Sri Lankans seek saints from their homeland
Some 600 Catholics were slaughtered in the first such martyrdom in South Asia
People pray at the tomb of the martyrs at Thottaveli in Mannar, Sri Lanka. The site of the martyrdom has become a popular pilgrimage spot especially on All Saints Day Nov. 1. (ucanews.com file photo)
ucanews.com reporter, Colombo
September 14, 2016
In 1544, King Cankili of Ceylon murdered 600 Hindus who converted to Catholicism when they refused to recant their new-found faith. Now the Vatican is being asked to consider their case for official martyrdom.
The Queen of Martyrs Church now sits on the site of the slaughter and has become a popular pilgrimage spot. Father Emmanuel Sebamalai, the parish priest, said that there are two mass graves located in the church compound belonging to the martyrs.
The massacre is significant because it is the first instance of martyrdom in South Asia and which bolstered the spread of Catholicism in the country, the priest said. Even now, the area where they lived, Mannar, comprises the highest number of Catholics in what is now Sri Lanka with over 51 percent of locals belonging to the religion. The country elsewhere is predominantly Buddhist.
Local people have formed the "Martyrs of Mannar Welfare Organization" to promote their cause with the Vatican and introduce the martyrs to a new generation.
"There are 23 members in the committee," said Anthony Croose. "Our main focus is to promote the martyrs as saints and also help the local community to grow spiritually. We have organized some talks about the martyrs and their history."

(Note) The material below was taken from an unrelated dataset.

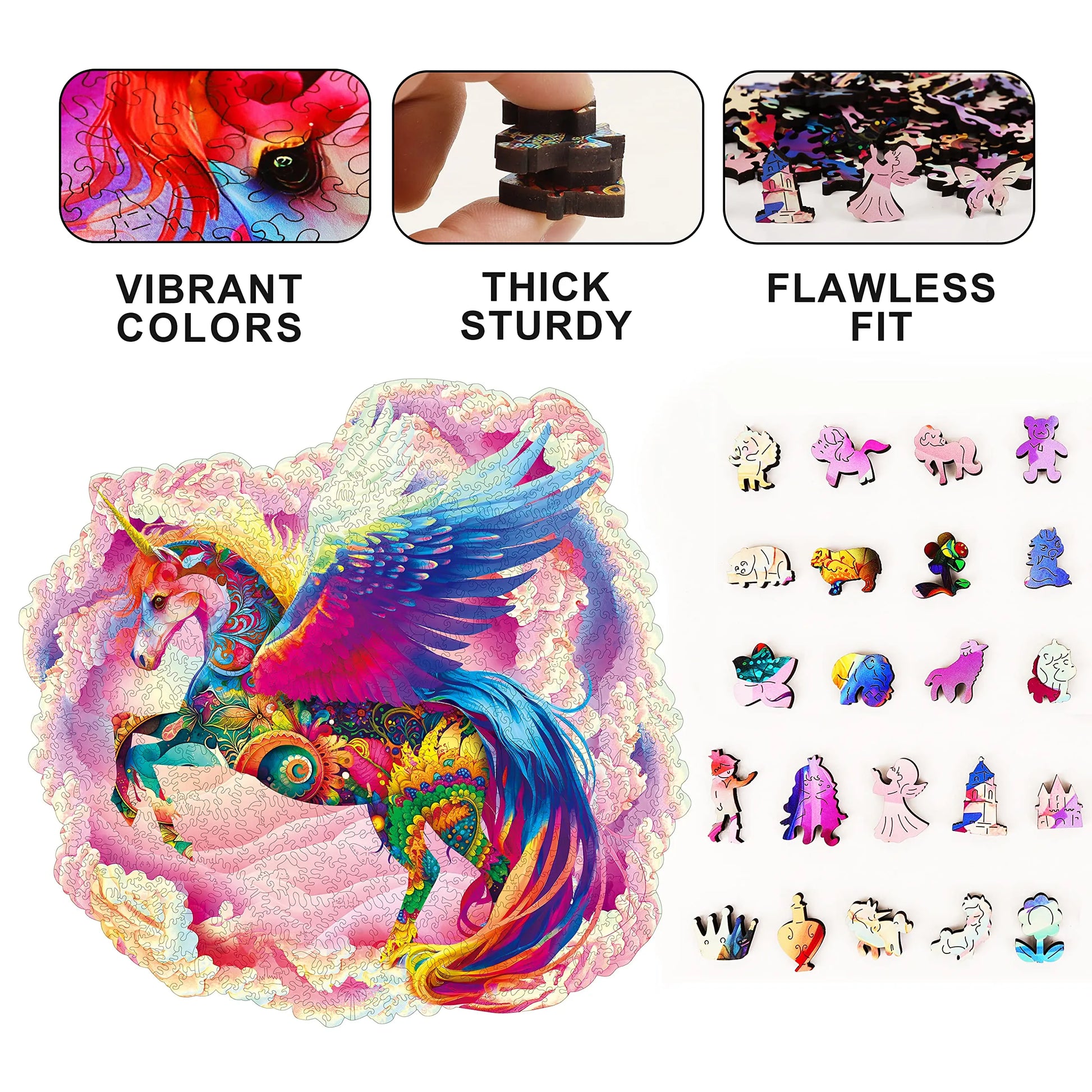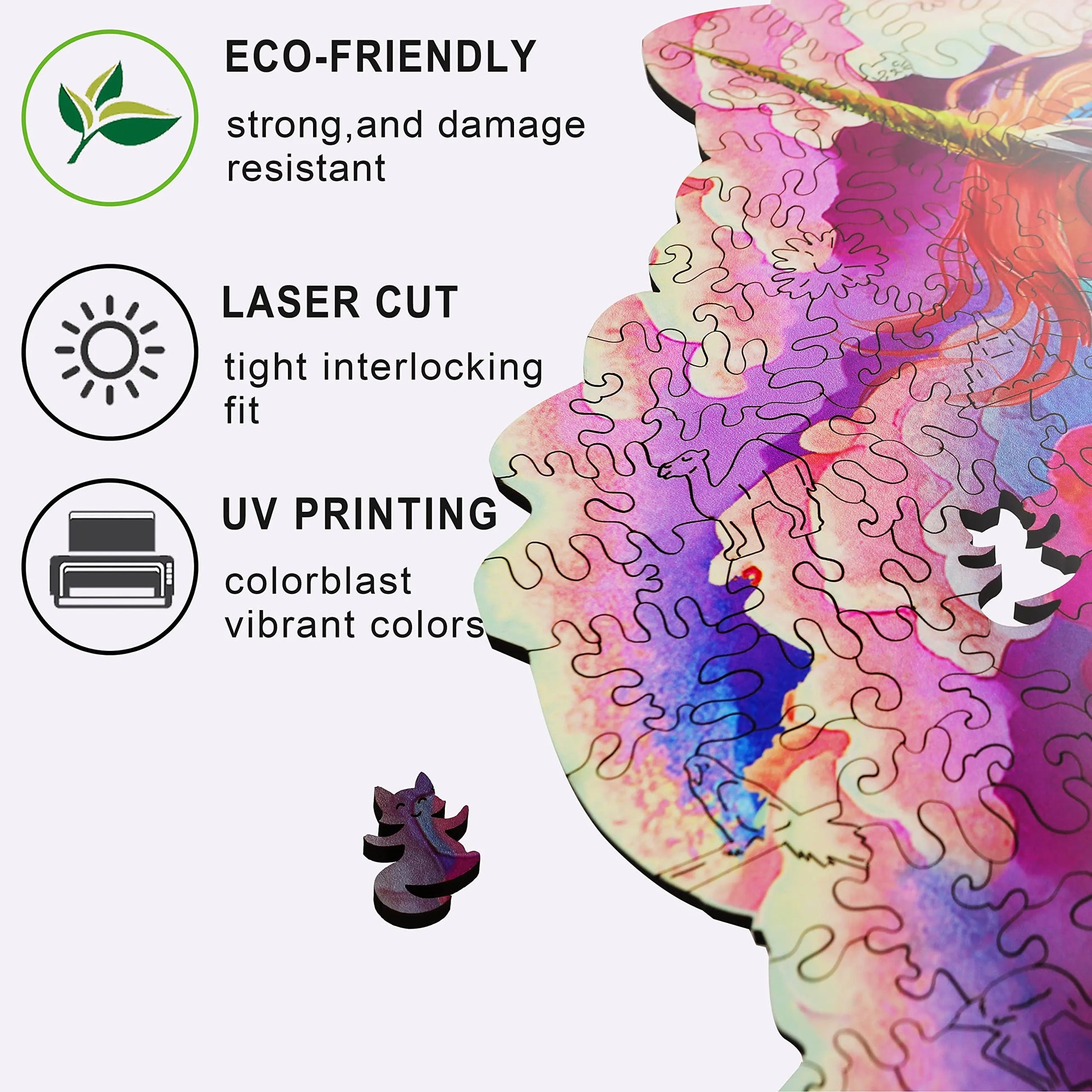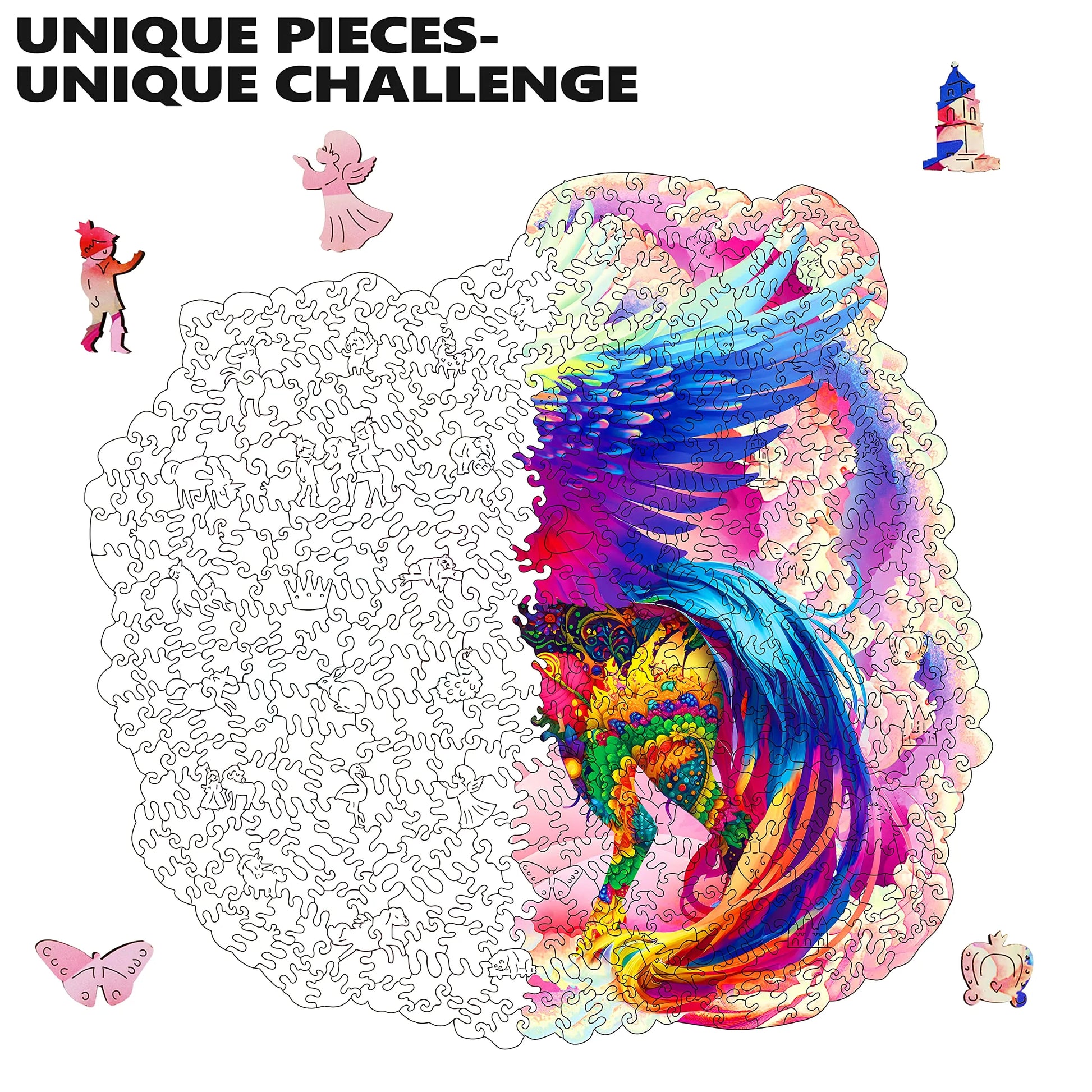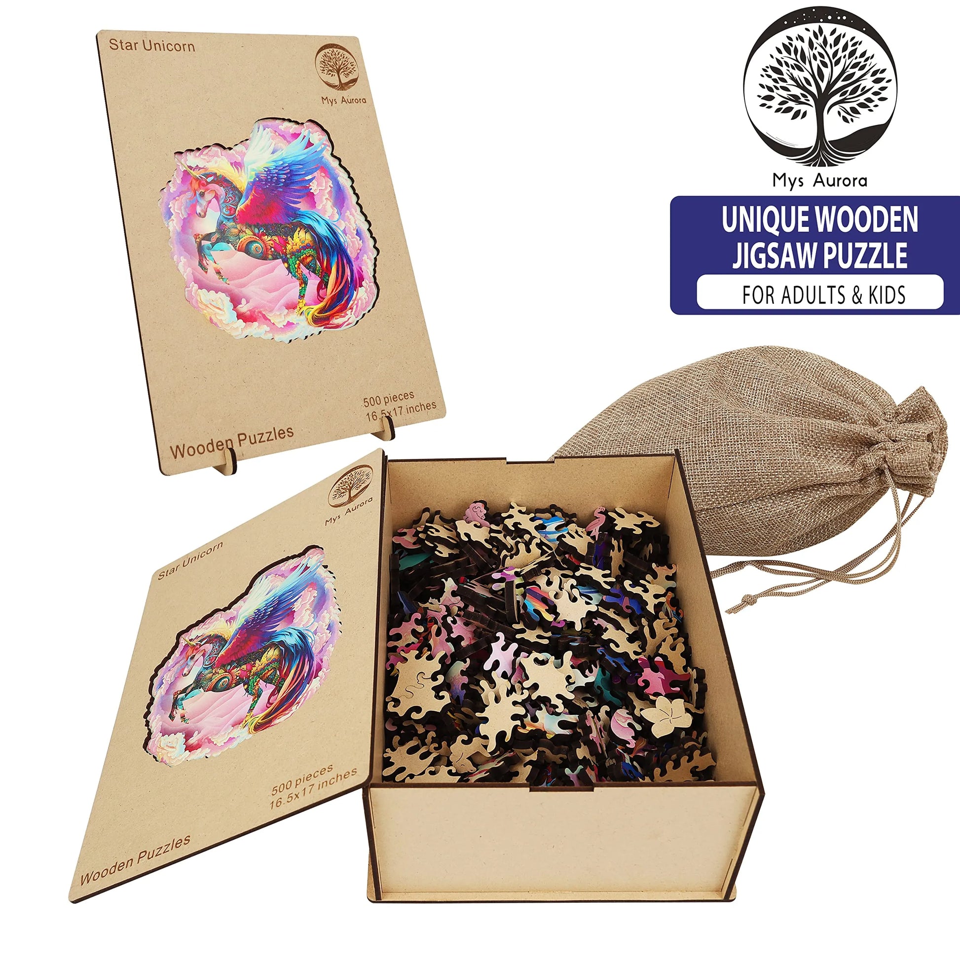 The puzzle is inspired by nature, colorful, unique wooden puzzle. Original and vivid hand-painted art, which is fascinating and worthy of being used as an aesthetic home decoration. Mysterious patterns and small pieces of east eggs give you the ultimate puzzle experience.

The committee is currently in the process of collecting the names of the martyrs with the help of Jesuit priests from India but so far they have been unable to ascertain their names despite trawling through historical records, according to committee member Father S.V.B. Managalarajah.
Records of letters sent by St. Francis Xavier indicate their martyrdom and in his correspondence to the Portuguese authorities had requested for an expedition, Father Managalarajah said. St. Francis Xavier, a Jesuit missionary from Europe first came to India, then Sri Lanka, Malaysia and Japan. He died on Shangchual Island near China in 1552.
Bishop Kingsley Swamipillai of Mannar said that Pope Francis was likely to make an exemption in this case and overlook the need for names since he is a "daring" pontiff.
"I pray every day as an individual and with my family for the canonization of my ancestors," said Anthony Arulselvi while holding the prayer book of the Mannar Martyrs.
"When I was small, I saw people collecting pieces from bones that belonged to the martyrs believing they could cause miracles. Even my grandparents collected bones like this," said Arulselvi, 40, a catechist at Queen of Martyrs Church in Thottaveli.
"We have a day to commemorate these martyrs every year in July because they were all slain in July 1544. Their decedents, who are widespread in Mannar Diocese, get together to pay respect to their martyrs," the catechist said.
"Our only hope is to promote them as saints. Many of the villagers have prayed to them for miracles especially illnesses and have got cured," said Arulselvi.
Bishop Swamipillai said the feast day of these martyrs is commemorated every All Saints Day Nov. 1 when a special Mass is celebrated to honor them.